How to increase speed of reading excel file using python file object?-CodePudding

I am processing round 2800 excel file using python file object which taking more time to read because of that my tool taking 5 hour to execute so I want to know is there any way to make process faster of reading excel file.

reading file excel file code

import os
path=os.getcwd()
folder=path "\\input"
files = os.listdir(folder)
for file in files:
     _input = folder   '\\'   file
     f=open(_input)
     data=f.read()

CodePudding user response：

Try executing the processing of each Excel in parallel with others, have a look to:

CodePudding user response：

Fundamentally, there are two things you can do: either speed up the processing of each file, or process multiple files simultaneously. The best solution to this depends on why it is taking so long. You could start by looking into if the processing that happens on each file is as fast as it can be.

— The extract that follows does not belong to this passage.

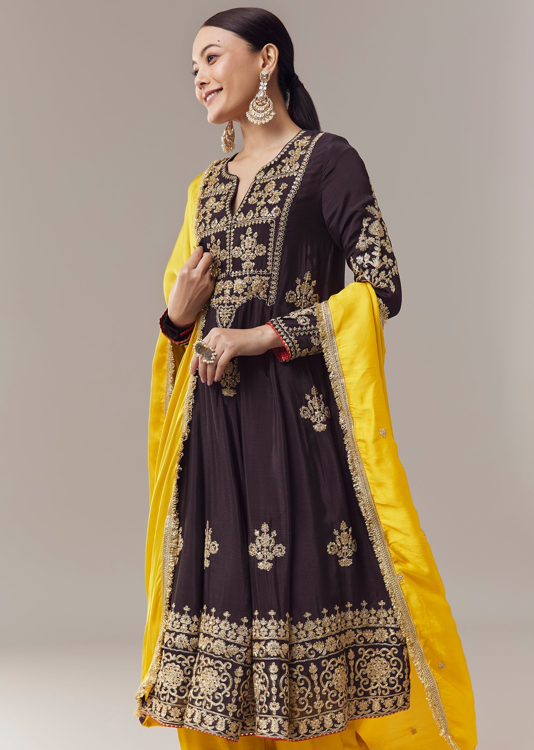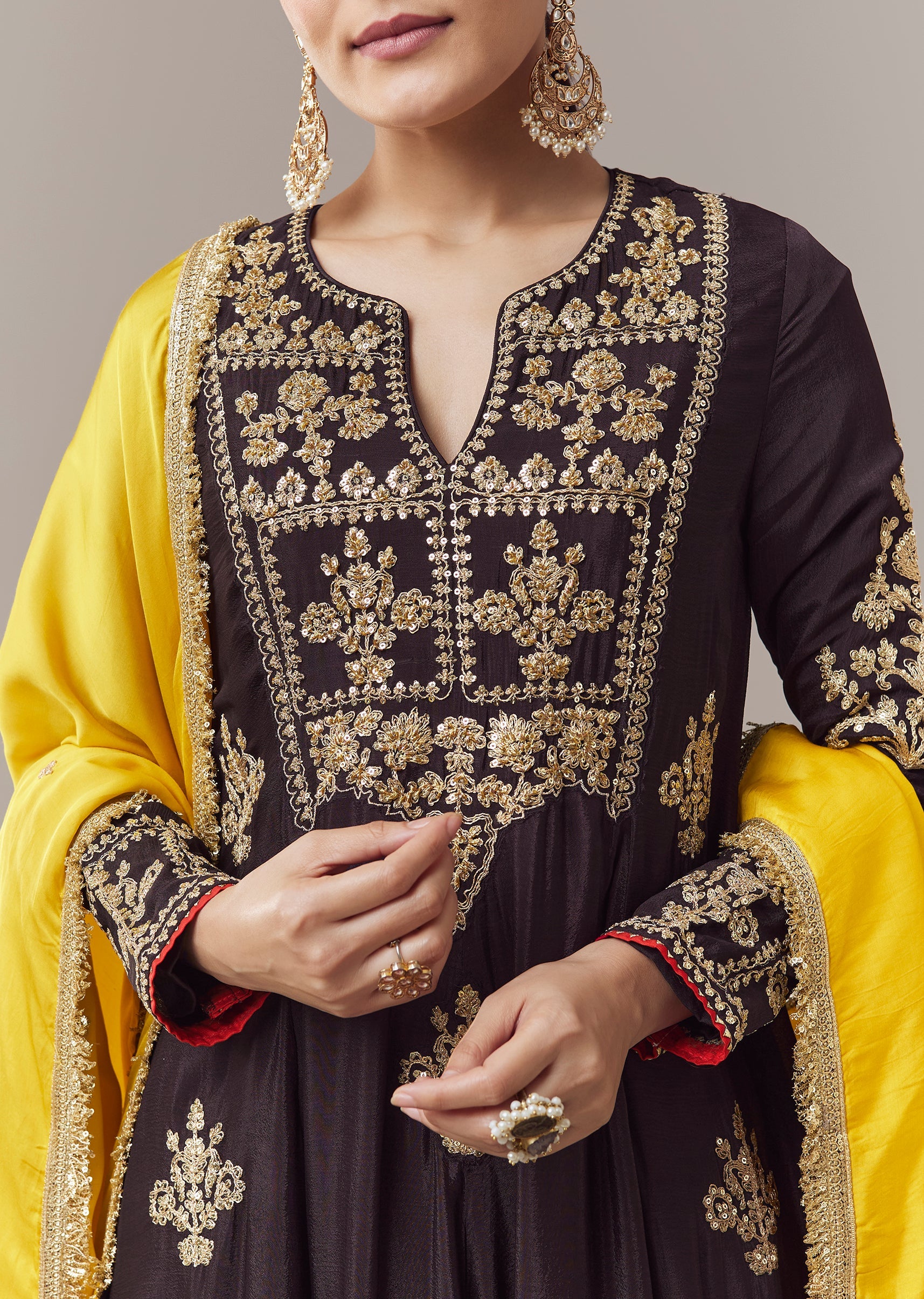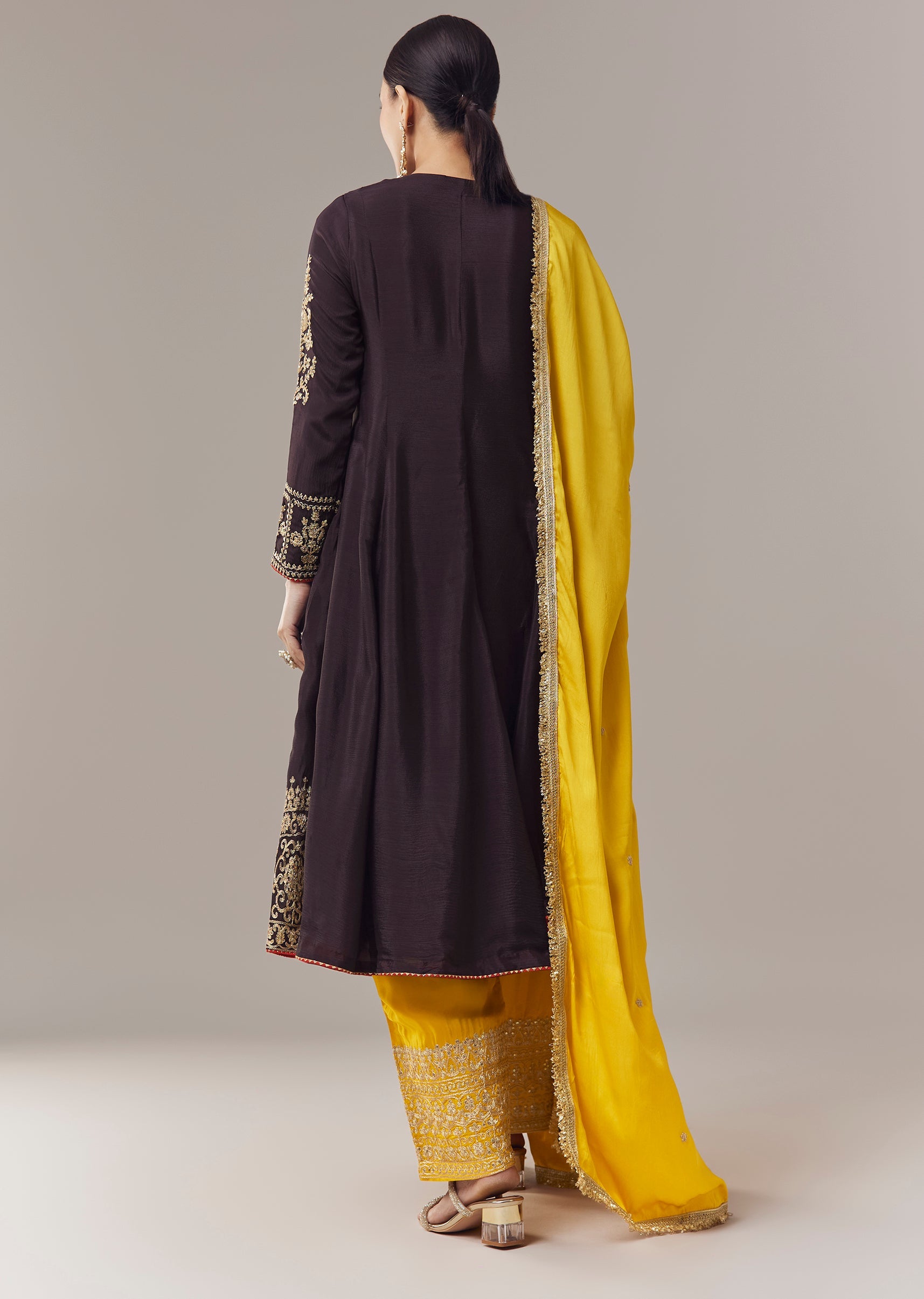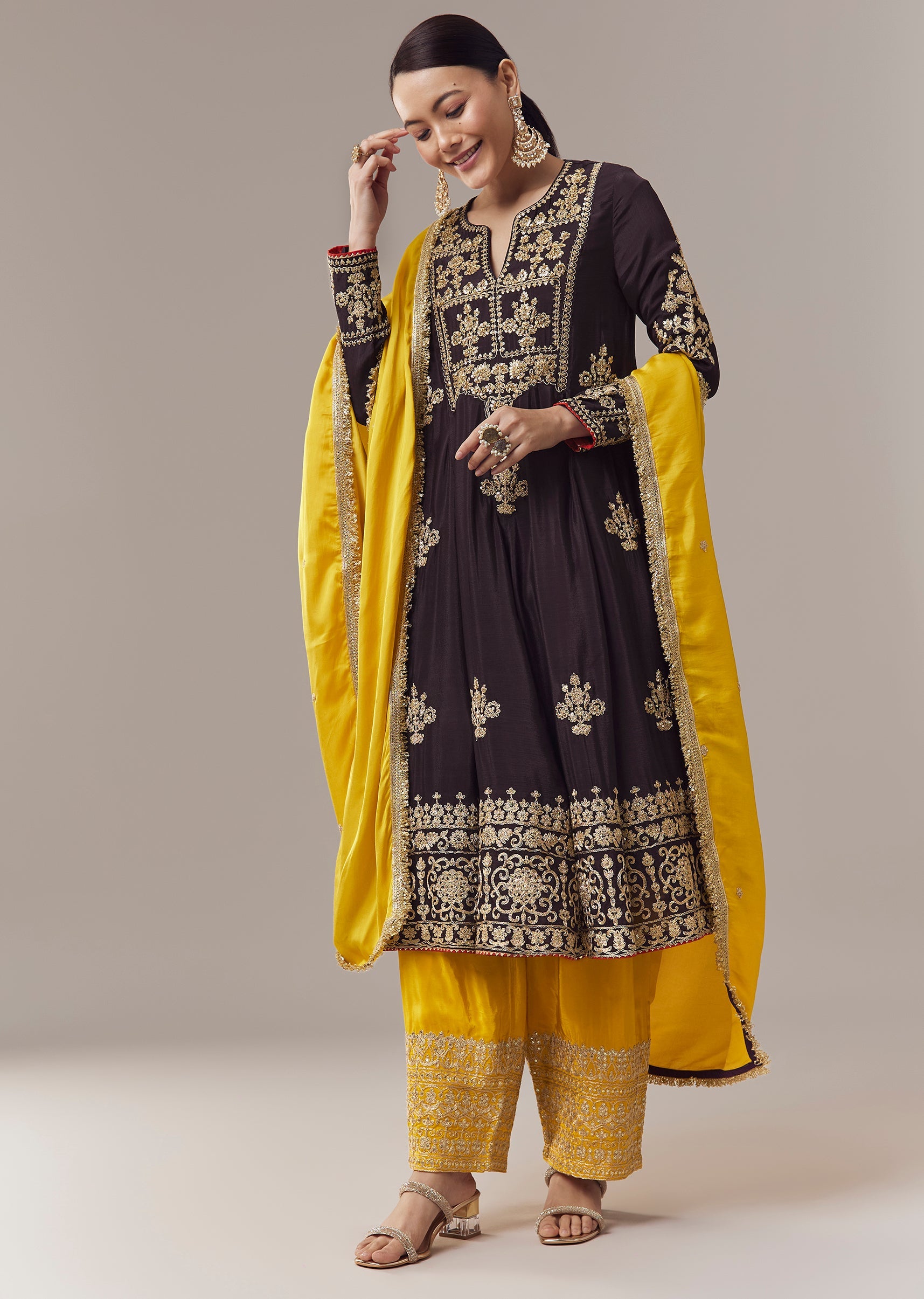 Pair it with metallic juttis and delicate jewellery to highlight the embroidery and maintain a festive look.

As for processing in parallel:

If a Python program is taking a long time to run because it's waiting for files to be read and written, it can help to use threading. This will allow one thread to process one file while another thread is waiting for its data to be read or written. Whether or not this will help depends on many factors. If the processing itself accounts for most of the time, it won't help. If file IO accounts for most of the time, it might help. Reading multiple files in parallel won't be faster than reading them sequentially if the hard drive is already serving them as fast as it can. Essentially, threading (in Python) only helps if the computer switches back and forth between waiting for the CPU to finish processing, and then waiting for the hard drive to write, and then waiting for the hard drive to read, etcetera. This is because of the Global Interpreter Lock in Python.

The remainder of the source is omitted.